在世界移動大會(MWC)2025年,Google宣布了其Gemini Live AI助手的重大擴展,介紹了實時視頻和屏幕上的查詢功能。這些新功能允許用戶使用智能手機的相機供稿和屏幕上的內容與雙子座進行交互,從而實現實時的多模式AI幫助。

How the New Features Work

Google’s latest Gemini AI update expands its capabilities by integrating Live Video AI Queries and On-Screen AI Interaction, two features designed to bring real-time intelligence to everyday mobile experiences.

They allow users to interact with Gemini in a more natural and intuitive way, without relying solely on text-based prompts.

Live Video AI Queries

The Live Video AI Queries feature enables users to point their smartphone camera at objects, text, or scenes and ask Gemini questions based on what it sees.
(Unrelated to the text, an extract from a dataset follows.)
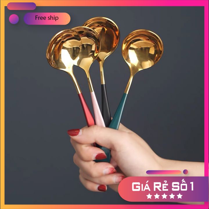 Nhà cửa & Đời sống > Bộ đồ bàn ăn > Dĩa || Thìa Ăn Cơm. muỗng ăn Bằng Inox Mạ Vàng Cán Dài Nhiều MầuCòn hàng

Whether identifying unfamiliar landmarks, solving math problems from a written equation, or providing step-by-step guidance on repairing a household item, Gemini can process the live feed and generate relevant responses.
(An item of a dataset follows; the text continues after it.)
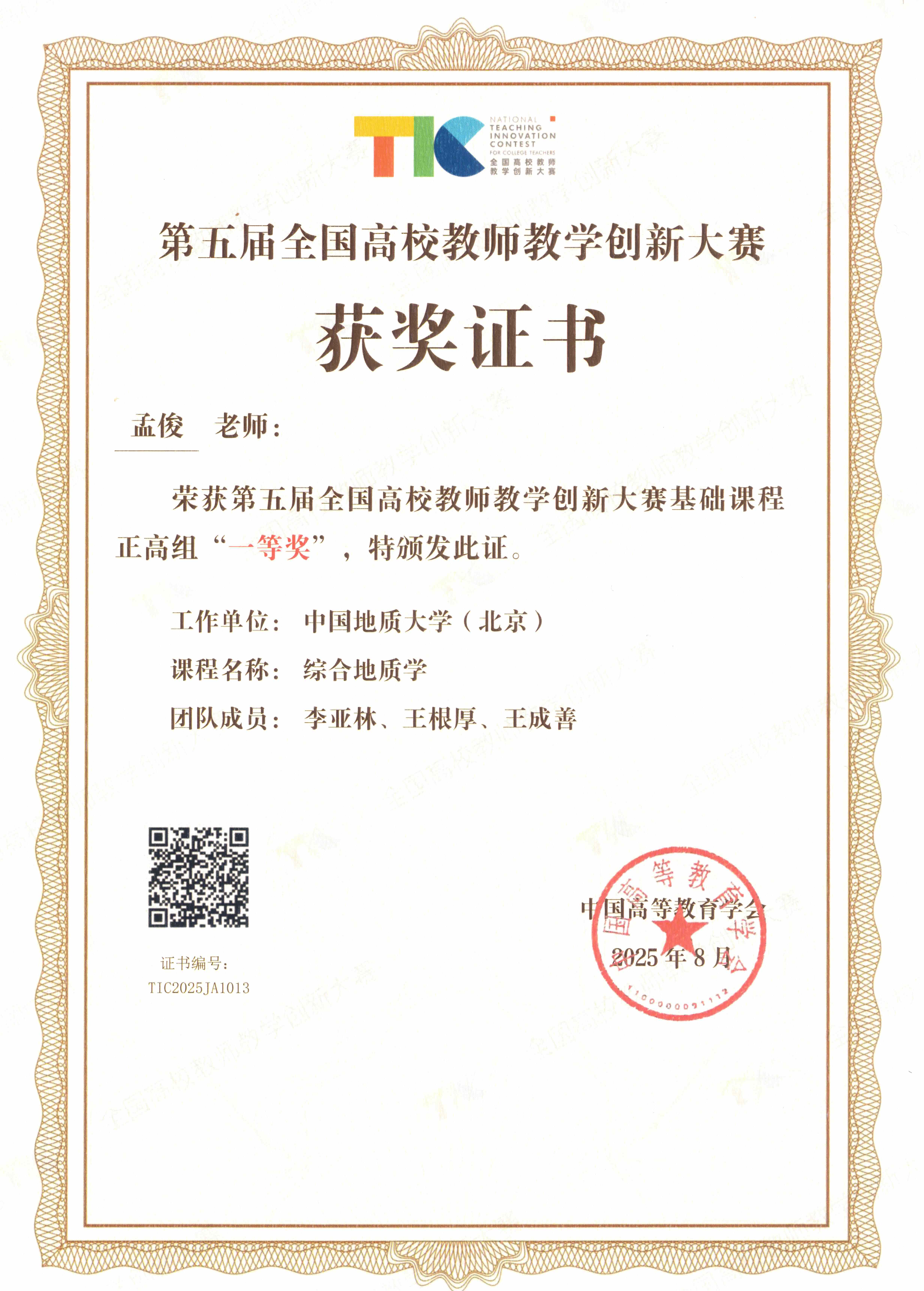 8月19日,第五届全国高校教师教学创新大赛在北京理工大学圆满落下帷幕。我校地球科学与资源学院孟俊教授团队荣获基础课程正高组一等奖,实现了历史性突破,创造了我校参赛以来的最好成绩。

Live Video AI Queries build on Google’s previous AI-powered image recognition technologies but takes it a step further by making the AI assistant capable of analyzing dynamic, real-time video rather than static images.

[embedded content]

On-Screen AI Interaction

The second feature, On-Screen AI Interaction, allows Gemini to analyze content displayed on the user’s phone screen and provide relevant information or assistance.這意味著用戶可以在閱讀文章,審查文檔或瀏覽網站以獲取解釋,摘要或翻譯而無需切換應用程序的情況下召喚雙子座。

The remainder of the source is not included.